Landon: A few friends of mine recently watched Dogtooth, which I had recommended to them after seeing it at SXSW last year, and they had a completely different experience of the film since they had heard about it for months before from people like me, and I loved it so much in part because I had no idea what was awaiting me going in.
This was a unique case in which the context in which we each saw the movie changed our experience of it completely.
Cole: Brain-scrambling movies are the best to see that way. I had a similar reaction to Alex De La Iglesia’s The Last Circus, and I fear my friends seeing it after hearing so many things about it.
Plus, any movie at a festival is going to have the blessing/curse of immediate excitement. Whenever I’m at a festival, I’m like every other attendee – raring to go, ready to watch a ton of movies, prepared to be blown away.
Landon: And it’s an odd position that we’re put in after seeing it, in which we establish the dialogue surrounding it. Take the many reactions to Jodie Foster’s The Beaver Wednesday night, for example.
We have a role in word-of-mouth promotion when there are films that come from fests that we champion, but not a role in reception or advertising.
Cole: And that’s assuming that nothing crazy happens. Take Red State at Sundance for example.

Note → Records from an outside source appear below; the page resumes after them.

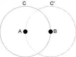 9. It may perhaps be well just to sketch here the mode of action of the medium in producing gravity, the manner in which the intensity is made to vary as the square of the distance, &c. Let A (in the annexed diagram) represent a molecule or mass; let C represent the bounding surface of an imaginary hollow sphere described about A. Then, since the particles of the medium are moving uniformly in all directions, a number of them will be passing in all directions through the imaginary spherical surface C. Only those particles which are passing (sensibly) along the radii of the spherical surface will strike A; and therefore we need only regard those special particles which radiate towards A. The molecule A being therefore struck equally on all sides, will accordingly remain at rest. But if now we suppose a second molecule to be placed at B, then out of the whole number of particles which are directed towards A, the molecule B will intercept a number which is proportional to the area which B cuts off from the whole spherical area C. The molecule A will therefore now, owing to the sheltering power of B, be struck with a fewer number of particles in the direction B A. The balance of the pressure being thus upset, A will be propelled towards B. The same holds true of B relatively to A (on drawing the imaginary spherical surface C'). The two molecules A and B are therefore propelled towards each other mutually. It now remains to illustrate how the impulsive action varies as the square of the distance. It will be at once evident that since the area of a spherical surface is as the square of the radius, therefore, if B [369] were removed to a double distance, the imaginary spherical surface described through B with A as a centre, would have four times the area; but the area of the molecule B remaining constant, B would therefore only shelter A one fourth the amount it did before; and accordingly A would be impelled towards B with one fourth the force, — the same being true of B relatively to A.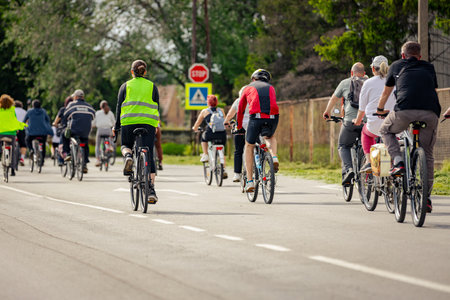 Group of young people cycling, ride bicycles in city, driving in crowd they try to draw attention to the danger for cyclists in traffic, urban environment.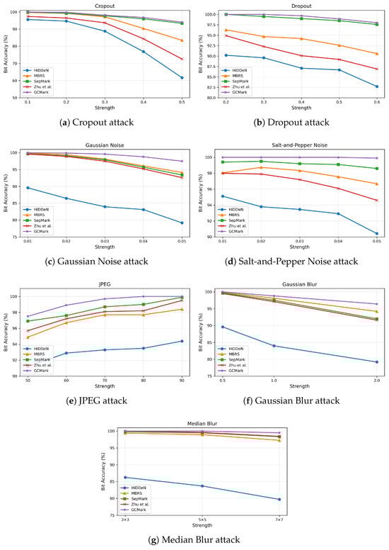 Dropout: During training, a dropout ratio of 0.4 is employed, while during evaluation, it is varied from 0.2 to 0.6 to assess model performance under different distortion strengths. Under pixel dropout attacks, GCMark demonstrates strong resilience to partial information loss. As reported in Figure 6, the proposed method achieves higher PSNR values than the baseline approaches, indicating improved imperceptibility. Furthermore, as illustrated in Figure 7b, GCMark maintains stable extraction accuracy even when a substantial portion of pixels is removed, validating its robustness against random pixel removal.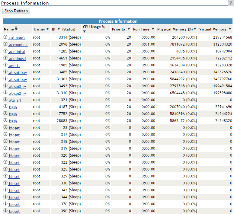 Clicking the View Process Information link in the navigation frame displays the Process Information page. On this page, you can view a list of all the processes as well as their state in the host and perform the actions listed in the following table.

The clamoring noise coming out of the festival had little to do with the movie and more to do with Kevin Smith’s spectacle. Situations like that seem ideal for movies coming out of the festival because 1) it creates buzz 2) that buzz has nothing to do with the quality or expecations-building of the movie itself
Landon: And sensational events that do have something to do with the movie play a part in unofficial promotion as well, like people walking out of Antichrist in Cannes, or fainting during 127 Hours at Toronto. And that, in turn, changes how people view the film as later festival goers or commercial filmgoers then see that film as one that can induce walking out or fainting.
And movies never seem to have as strong an effect either way as they did in their first festival run
Cole: I don’t know. I fainted while watching sex, lies and videotape in my apartment once.
Landon: Peter Gallagher’s eyebrows are that intimidating no matter how many times you see them.
Cole: Truth. It seems like the good old days used to see that sort of excitement at drive-ins or at midnight premieres. Now, it seems like all of that movie energy is solely bottled up at festivals. Which is sad, but not all that sad.
Landon: Good point. It’s almost paradoxical. Film festivals exist in part to saturate media surrounding a film, but they’re also a rare place almost free from media saturation surrounding films.
Should I say “almost” again?
Cole: Please do.
Are you sad that we didn’t save Hollywood or note a massive paradigm shift this week?
Cole: I think if we had, I would have gotten to mention barbecue more.
Landon: More BBQ on the west coast would undoubtedly solve the story crisis.
Cole: And there it is! Hollywood saved!